Houston County Black Heritage
Houston County Black Heritage
"Their DNA is BURIED in your SOUL" ~ "WE are the HOPE and the DREAM of the ENSLAVED"
"Their DNA is BURIED in your SOUL" ~ "WE are the HOPE and the DREAM of the ENSLAVED"
Nathan Pinchback Toomer
(Jean Toomer)
The Son of Nathan Toomer. Sr.
Nathan Pinchback Toomer
(Jean Toomer)
The Son of Nathan Toomer. Sr.
Nathan Toomer, Sr. was born in Chatham Co., NC and was sold, (along with his mother, Kit), from the R. J. Pilkington plantation to Henry Toomer as his body servant when he was 13 years old.
In the early 1850’s, Henry Toomer (slaveowner) along with his slaves moved to Houston County, Perry, Georgia. After slavery, Nathan married Harriet Toomer, they had 5 daughters. Nathan acquired hundreds of acres of land; and several ex-slaves were sharecroppers on this land.
In 1885 he was appointed minister of Liberia. In July 1892, Nathan married a second time, to Amanda America Dickson from Augusta, GA. She reigned the richest woman in Georgia after inheriting the wealth of her slaveowner father. She died 11 months into their marriage and Nathan inherited part of her wealth. In 1893 Nathan sued (and lost) the Pullman Car company for the death of Amanda.
Shortly thereafter, Nathan sold all of his property in Houston County and set out for Chatham Co., North Carolina to the plantation of his birth He visited with long lost family members that still resided on the plantation. He shared a little of his fortune with them and left for NY, then on to Washington D.C. There he met and married his third wife, Nina E. Pinchback. Nathan and Nina had one son, Nathan Eugene Pinchback (Jean)Toomer. By 1898 Nina filed for divorce and Nathan returned to Augusta, Georgia and later to Macon Georgia and lived out the rest of his life.
Nathan’s son, Nathan Pinchback “Jean” Toomer, became a well know author during the Harlem Renaissance for his 1923 novel, Cane. An influential work about African American life. In the fall of 1921, he accepted a short-term job as a substitute principal at the Sparta Agricultural and Industrial Institute, in the Oconee River valley of middle Georgia. Questions of his identity and spiritual harmony led him in the teachings of Scientology.
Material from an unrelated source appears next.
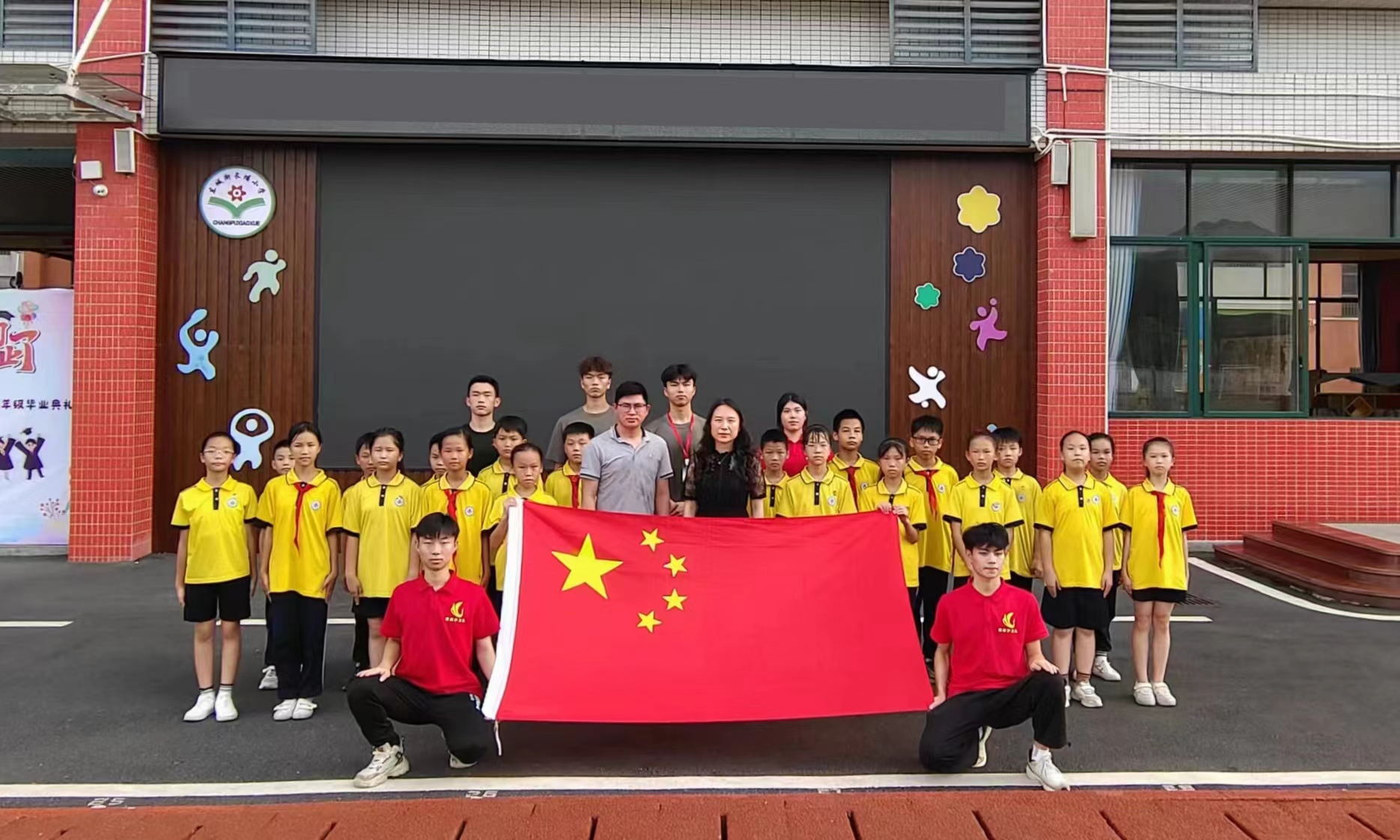6月13日,学生工作部施健老师带领国旗护卫队7名学生骨干前往清远市长埔小学开展爱国主义教育共建活动。爱国主义教育宣讲团成员为长埔小学国旗班宣讲《中华人民共和国国旗法》和井冈山精神,并对长埔小学国旗班开展队列动作、升旗等的针对性训练指导。

In 1940 Toomer joined the Quakers. He lectured for the Religious Society of Friends and wrote extensively for Quaker publications in the 1940s and 1950s. Although he wrote throughout his life, Toomer's literary visibility effectively ended in 1936, with the last publication in his lifetime, the long poem "Blue Meridian," which celebrated the potential of an "American" race, a "blue" hybrid that would incorporate and extend the spirits of the black, white, and red races.
Throughout the census, Nathan and his family are listed as “White”. Toomer died in a Pennsylvania nursing home on March 30, 1967. In 2002 Toomer was inducted into the Georgia Writers Hall of Fame.
Amanda's life is depicted in the 2000 movie, "A Housee Divided".
The movie centers on a trial challenging the validity of a Georgia plantation owner's will leaving the land to the illegitimate daughter he fathered with his Black slave.
In the aftermath of the terrible Civil War which has devastated the South, Amanda America Dixon returns home to find she has become the sole heir to a vast cotton plantation. But the dreadful secret which has blighted her life threatens to deprive her of the birthright which her father David had struggled for so long to create.
Raised by her father and grandmother to be the perfect white Southern Belle, Amanda's true mother was a black slave Julia. Confronted with the forces of greed and bigotry, Amanda has to face not only the hatred of a racist world, but the complex truth of a family whose lives have been built on a lie.